« Back to Gallery

NGC 7635, Bubble Nebula

Submitted by Planewave Instruments

© Griffin, HapDateLocation: August 7-8, 2010 GriffinHunter Observatory Bethune, SC
Camera: QSI 583wsg
Filters: Astrodon E Series Generation 2 LRGB HA
CCD Temperature: -10 C
Instrument: Planewave CDK 12.5″
Focal Ratio: f8
Mount: AP-1200
Guiding: Auto via the QSI camera’s built in Off-Axis Guider mirror and an SBIG ST-402 Guider
Conditions: Hot and humid, clear for summer in SC
Weather: 85-75 F, still
Exposure: 350 minutes total (12 x 10 minutes Luminance, 5 x 10 minutes each RGB binned 2×2, 4 x 20 minutes HA)
Capture: CCDAutopilot 4 w Maxim DL Camera Control, focused automatically w FocusMax
Processing: Frame calibrations, alignment and stacking with ImagesPlus v3.80. Finishing in Photoshop CS4. Noise reduction with Noise Ninja.

Looking like a celestial Christmas tree ornament, this is the beautiful “Bubble Nebula”, known officially as NGC7635. Is is formed by gas being compressed by a strong stellar wind from massive star BD+602522, forty times as massive as our sun and several hundred thousand times more luminous. As fast moving gas escapes the star, it compresses surrounding sparse gas into a shell. The shell, consisting of hydrogen, oxygen and sulfur, is ionized by the radiation from BD+602522 causing it to glow. The bubble is approximately 6 light-years in diameter.

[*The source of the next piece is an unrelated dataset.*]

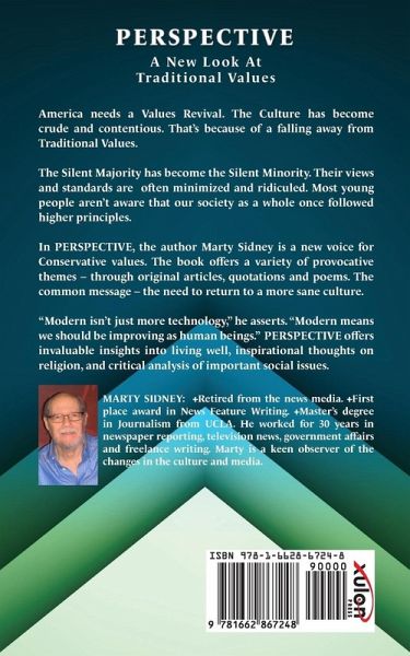 America needs a Values Revival. The Culture has become crude and contentious. That's because of a falling away from Traditional Values. The Silent Majority has become the Silent Minority. Their views and standards are often minimized and ridiculed. Most young people aren't aware that our society as a whole once followed higher principles. In PERSPECTIVE, the author Marty Sidney is a new voice for Conservative values. The book offers a variety of provocative themes - through original articles, quotations and poems. The common message - the need to return to a more sane culture. "Modern isn't just more technology," he asserts. "Modern means we should be improving as human beings." PERSPECTIVE offers invaluable insights into living well, inspirational thoughts on religion, and critical analysis of important social issues. MARTY SIDNEY: +Retired from the news media. +First place award in News Feature Writing. +Master's degree in Journalism from UCLA. He worked for 30 years in newspaper reporting, television news, government affairs and freelance writing. Marty is a keen observer of the changes in the culture and media.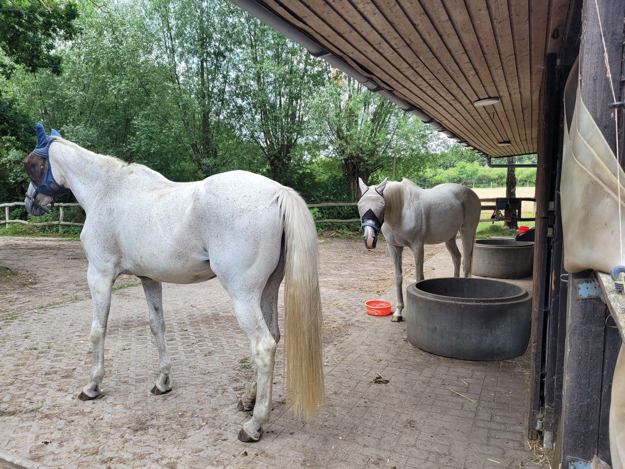 Auf unserem Hof leben außerdem Katze, Hund und viele Pferde. Diese dürfen gern gestreichelt und auch bewundert werden. Nach Vereinbarung können auch Reitstunden gebucht werden.

BD+602522 is a “Wolf-Rayet” star, a star in the end stages of its life which emits fierce stellar winds (charged particles streaming from its surface) rapidly depleting its mass until it finally dies in a supernova. Wolf-Rayet stars (named for their discoverers) have surface temperatures between 30,000 and 60,000 degrees Kelvin and emit stellar winds with speeds exceeding 1500 kilometers per second. There are only about 300 Wolf-Rayet stars known in our galaxy.